Helen’s story: part 1

As promised, here is the first part of a story from one of my research interviews. This is the story of how Helen and David, who had happy, fairly conventional monogamous marriage for 43 years, coped when Helen fell in love with someone else. David and Helen had a strong relationship, a good sex life (if less frequent than it used to be) and deep reserves of love and trust. She says:

I can honestly say that I was never tempted to look elsewhere, with or without David’s knowledge.

Then one day Helen was persuaded by friends to take part in a week-long historical pageant, in which a 17th century village would be reconstructed. There she got to know Julie and Miriam, who had been partners for five years. Miriam was in her sixties but Julie was about the same age as Helen’s daughter Georgina. They all hit it off and had some hilarious, and also thoughtful, times.

When the project ended, although she liked them as friends, Helen didn’t expect to see Julie and Miriam very often. But to her surprise, Julie kept on seeking her out, sending her little notes, inviting her on walks, for coffee, all without Miriam or David. Julie was vivacious and bubbly and Helen began to realise that she found her very attractive. Then one morning she awoke after dreaming about Julie in an undeniably sexual way. She realised that she was falling in love with Julie. She says:

My eyes had been opened.

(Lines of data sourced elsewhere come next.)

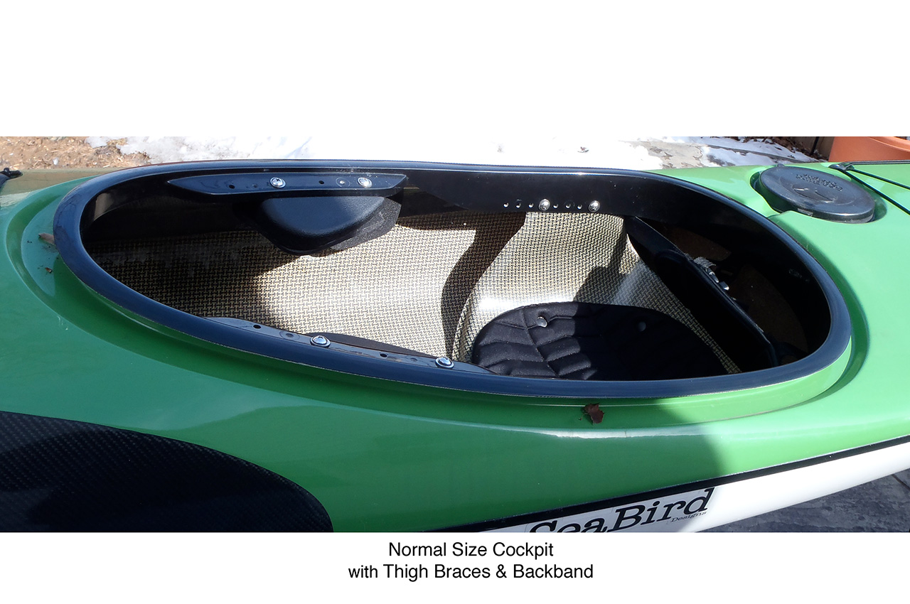 So, that’s part one of why you want to go with a real cockpit. The other is if your cockpit is huge and you are paddling, and a wave or wake comes over the bow of your kayak, you’ll have more water in your kayak than you would ever want! A kayak full of water is very unstable and very difficult to paddle. The smaller the opening, the less water will get in your kayak, making it difficult to manoeuvre to a safe place to dump or pump out your boat. You are safer in a kayak that ‘you wear’ or at least truly fits you than one that is like a bathtub.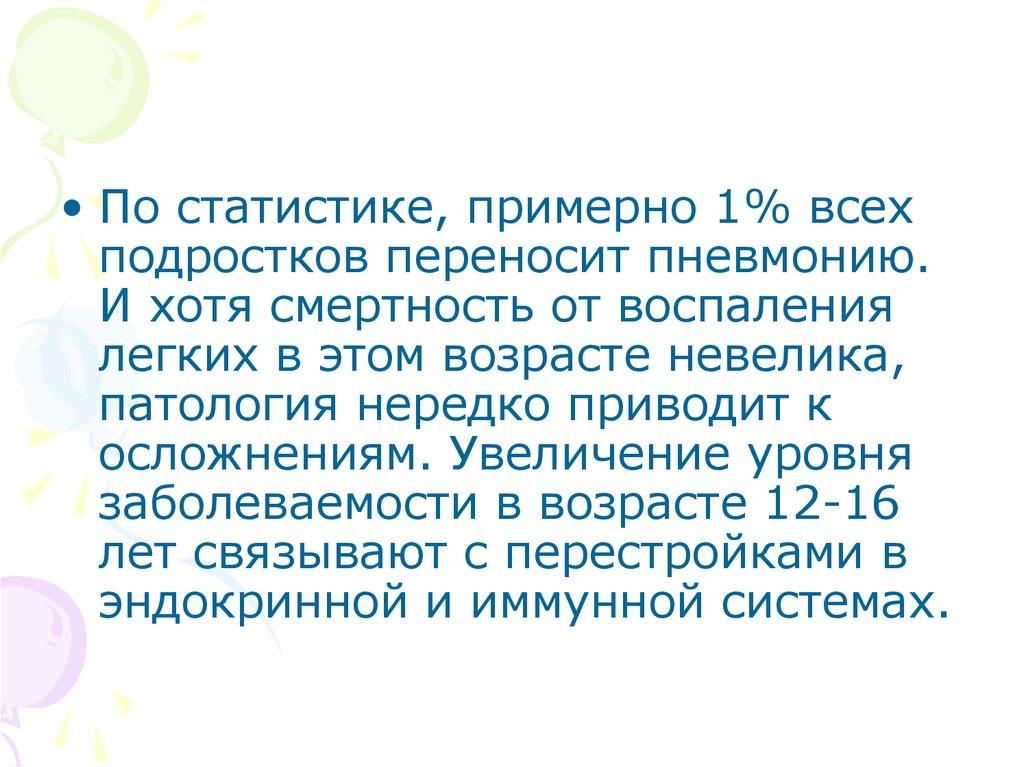 • По статистике, примерно 1% всехподростков переносит пневмонию.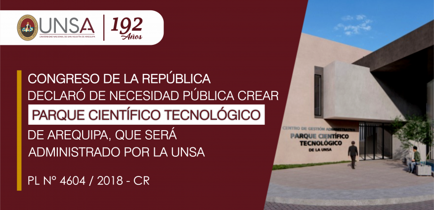 El Pleno del Congreso aprobó en segunda votación por unanimidad la ley que declara de necesidad pública y de interés nacional la creación del Parque Científico Tecnológico de Arequipa, el primero del país, que estará bajo la administración de la Universidad Nacional San Agustín de Arequipa (UNSA).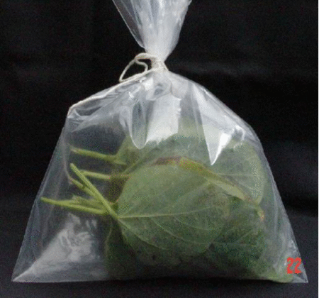 Figura 4. Câmara úmida com saco plástico e papel (ou algodão) umedecido para induzir a formação das estruturas reprodutivas de Phakopsora pachyrhizi.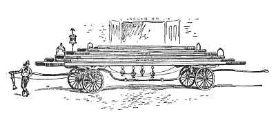 A curious thing to look back upon is the old volunteer fire department of New York as it was forty years ago. No horses, no fire-boats, few steamers, no telegraph alarm-boxes, only a great array of practically go-as-you-please companies, averaging forty or fifty men apiece, scattered all over the inhabited parts of the island from Harlem to the Battery. Sixty of these organizations, there or thereabouts, were hose companies, each manning a light, high-wheeled, fancifully painted carriage with its hose-reel perched gracefully above the running-gear, decked out with fancy lamps and jangling bells,—a carriage so light that a boy could start it on the level and a dozen athletic men could make it fairly spin over the paved streets. Then there were fifty engine companies, all but two or three specially favored bands "tooling" hand machines, some of the old "double-deck" Philadelphia pattern, some with long side levers,[21] "brakes" they called them; others still with strange, uncouth shapes, built by some local expert with the idea of out-squirting all competitors. Down in Centre Street was the heavy apparatus of the Exempt Company, only called upon in case of fires of unusual magnitude. Near by, too, was stored a brace of what were then considered powerful steamers, brought out only on such occasions; but two companies that wielded strong political influence proudly drew at the end of their ropes light-running and handsome steam fireengines, and these two companies, Americus 6,—"Big Six" as they called her,—and her bitter rivals of Manhattan 8, were the envied of all the department. Add to these some nineteen hook and ladder companies that ran long, light, prettily ornamented trucks, and you have the New York fire department as it was just before the war. Famous men were its chiefs in those days, and the names of Harry Howard and John Decker, of Carson and Cregier, were household words among the boys at Pop's, most of whom were strong partisans of some company on whose speed and prowess they pinned their faith. Strange, indeed, to-day seems the system by which fire alarms were communicated. There were no electric bells, no gongs, no telephones in the various engine-houses, which were scattered all over the town, generally in groups of two, an engine and a hose company being "located" side by side, though a large number occupied single houses. On the roof of the old[22] post-office at Nassau Street, in a huge frame-work at the rear of the City Hall, and in tall observation-towers of iron tubing or wooden frame, placed at convenient points about the city, were hung big, heavy, deep-toned bells that struck the hour at noon and nine at night, but otherwise were used exclusively for the purpose of giving alarms of fire. The city was divided into eight districts, and the sounding of the tower bells of any number from one to eight, inclusive, meant that a fire had been discovered within the limits of that district, and all companies designated for service therein must hunt it up and put it out. The seventh and eighth districts divided the lower part of the city, a little below Canal Street, evenly between them. Then, as the city broadened there, the great, far-spreading space between the East and North Rivers, south of Twenty-second Street, was parcelled off into the third, fourth, fifth, and sixth districts, beginning from the west. These were quite narrow at the south, but flared out north and eastward. Above them, on the east and west sides of the city respectively, lay the first and second districts, the former extending almost to Harlem, which had on Mount Morris its own bell-tower and at its foot a little department of its own. Night and day a single watcher was perched in the glass-enclosed lookout at the summit of each lofty tower, his sole communication with the world below being a speaking-tube to the engine-house at the base and a single wire that connected his[23] "circuit" with the main office at the City Hall, a circuit so limited in its possibilities that it could only administer a single tap at a time upon the tiny gong-bell over the watcher's desk, and finally the big, booming bell that, hanging midway down in the lofty structure, was yet so high above the neighboring roofs and walls that its sound bellowed forth in unimpeded volume. It was struck by a massive swinging hammer, worked by a long steel lever aloft in the watch-tower, the entire apparatus being the design, as were some of the strange-looking engines, of ex-Chief Carson, and one of the greatest treats that Pop's boys could possibly have was to be piloted of a wintry Saturday afternoon or summer evening, by one of their number who had the open sesame, up, up the winding stairway, up past the huge, silent monster that hung midway. (You may venture to bet they wasted no time there, but scurried past him, full tilt, lest an alarm should come at the instant and he should suddenly boom forth and stun them with his clamor.) Once well past him, they breathed freer, if harder, for the climb was long, and at last, tapping on a little trap-door, were admitted to the sanctum at the summit, and could gaze in delight and wonderment about them and over the busy, bustling world far, far beneath. Once well above the low ground of Canal Street, the city rose, and from the Hudson to the East River, along about the line of Spring Street, the ground was high, and here was established the inner row of[24] Gotham's picket guards against fire: three tall towers, one away over at Essex Market, on the far east side, guarding the sixth district; one on Marion Street, guarding the lower fourth and fifth; one over at McDougal Street, guarding the lower third. The next post to the northward was at Jefferson Market, on Sixth Avenue, a tall white wooden shaft that seemed to pierce the skies, so low were all the surrounding buildings, and from his eerie at its summit Jefferson's ringer watched over the upper third and fourth districts. The next to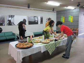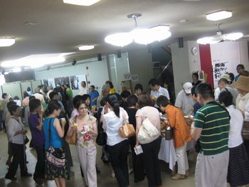| 会場から、お客様が出てこられました。たちまちお菓子のテーブルは人垣で一杯になります。 |  |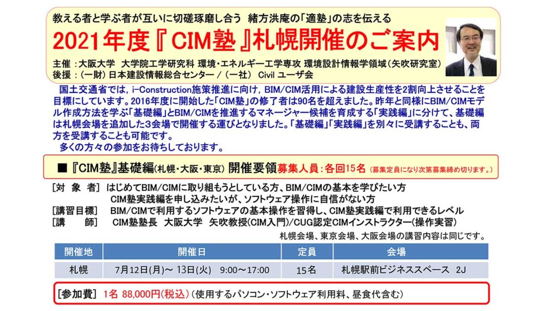 2021年度の CIM塾基礎編(大阪会場、東京会場、札幌会場)、CIM塾実践編(東京会場、web) を開催いたします。 6/10,11 CIM塾基礎編(大阪会場) 6/29,30 CIM塾基礎編(東京会場) 7/12,1 …続きを読む →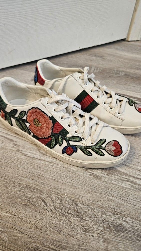 Pre Loved but still in good condition. Gucci embroidered flower sneakers. White leather with embroidered flowers. Size 37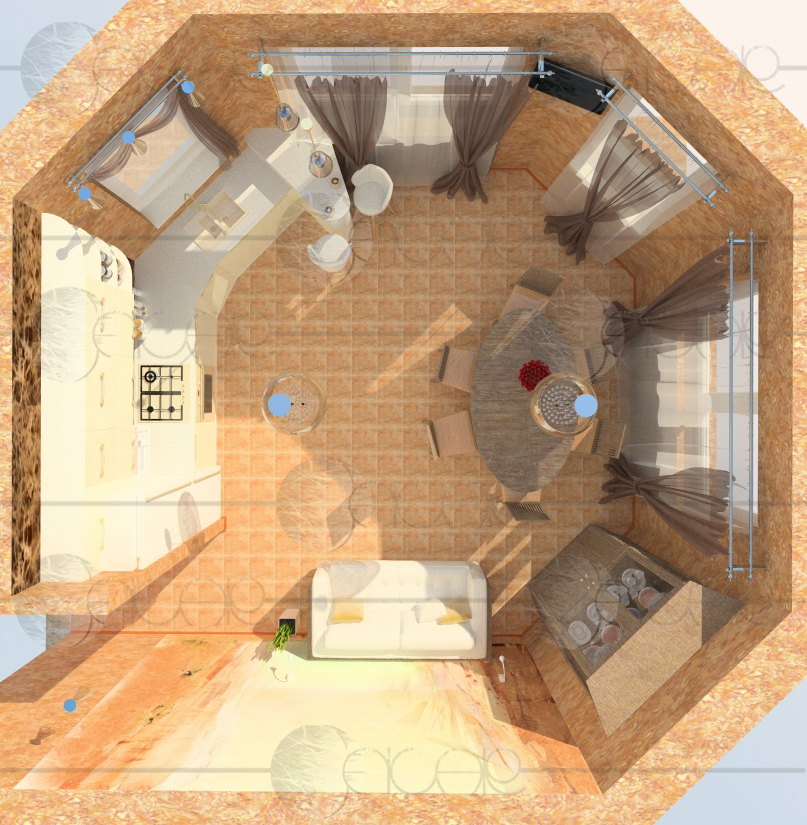 Визуализация кухни-столовой (вид сверху)

From then on I was like a love-struck teenager! I realised I loved Julie, but I could hardly believe it myself and didn’t dare express my feelings even to her, let alone tell David. It seemed impossible that she could love me.

Then one evening, over a meal that Julie had arranged, their feelings for each other spilled out. Julie said “I’ve loved you since that first week”. Then, as Helen puts it:

Everything went off with a bang. For three weeks we were in a crazy and intoxicating world, in a complete spin. We loved being together, it was effortless and we wanted to know everything the other had ever done. We felt we had always known each other.

Options for Helen

Helen had several things to cope with. First, the fact that this was all happening while she was married, when she had intended to be faithful to David all her life. These feelings must have been quite a shock for her.

Then there was the fact that it was a woman that she was falling for, when she had not been interested in women before. She was suddenly faced with her own bisexuality. Many women in their late 60s would find this particularly difficult, as homosexuality is only just becoming widely accepted in the UK, and bisexuality is still not often talked about in heterosexual circles. Helen was lucky, however: her daughter Georgina had previously come out as a lesbian, so Helen had worked through for her difficulties with the idea of women loving women several years earlier. But she had still never applied these ideas to herself.

Then there was the question of what, if anything, to tell her husband David. How to explain this double whammy – that you have fallen in love with someone else, and that it is a much younger woman? And to cap it all, Julie was in a long-term relationship with someone else, Miriam. Miriam was Helen’s age and Helen knew and liked her. She knew Julie was committed to Miriam, just as she was to David. She had no wish to hurt Miriam.

So, what would you do in Helen’s situation?

She could have insisted that they stop seeing each other straight away, to stop the incipient affair in its tracks. For those who believe that monogamy is the only ethical option, there would be no other choice. They would have gone home, concentrated on their marriage/partnership, and tried to forget each other and get on with their lives. Sometimes this can work, eventually, and in some similar situations this could have been the best solution.

Should she tell David? If Helen had put off seeing Julie before it had started, many would argue that she hadn’t been unfaithful and that there was therefore no need to tell her husband. No need according to a strict interpretation of fidelity as monogamy, perhaps, but in Helen’s heart there would still have been an important secret that she was keeping from David. If a relationship is to help each person to grow and be their full self, it is better to share this kind of discovery with each other, even if ‘nothing has happened’. In fact especially then, because it will be easier to confess to feelings for someone else that you haven’t acted on than it will be to confess to breaking a promise of monogamy.

If Helen didn’t break off contact with Julie, what else could she have done? She could have had an affair with Julie and kept it a secret from David and Miriam. I’ve posted already about the problems with this approach. Or she could have left David for Julie. In this case this would have involved a very sudden change of life, giving up her home (or perhaps forcing David to give up his), probably a drastic reduction in income, the disapproval of family and friends, and not least loss of the man she loved and had shared decades of her life with. If their marriage had been unhappy and she had been considering a divorce anyway, that would have been different. But Helen and David were happy together.

Helen’s story illustrates an important fact: people who fall for someone else while in a relationship aren’t always having problems with their relationship. Some people would have you believe that an affair is always a sign of something having gone wrong, perhaps a sign that the ‘faithful’ spouse needs to try harder to keep the ‘straying’ spouse. My research that shows that this just isn’t true: like many others, Helen fell in love with Julie even though her marriage to David was loving and stable.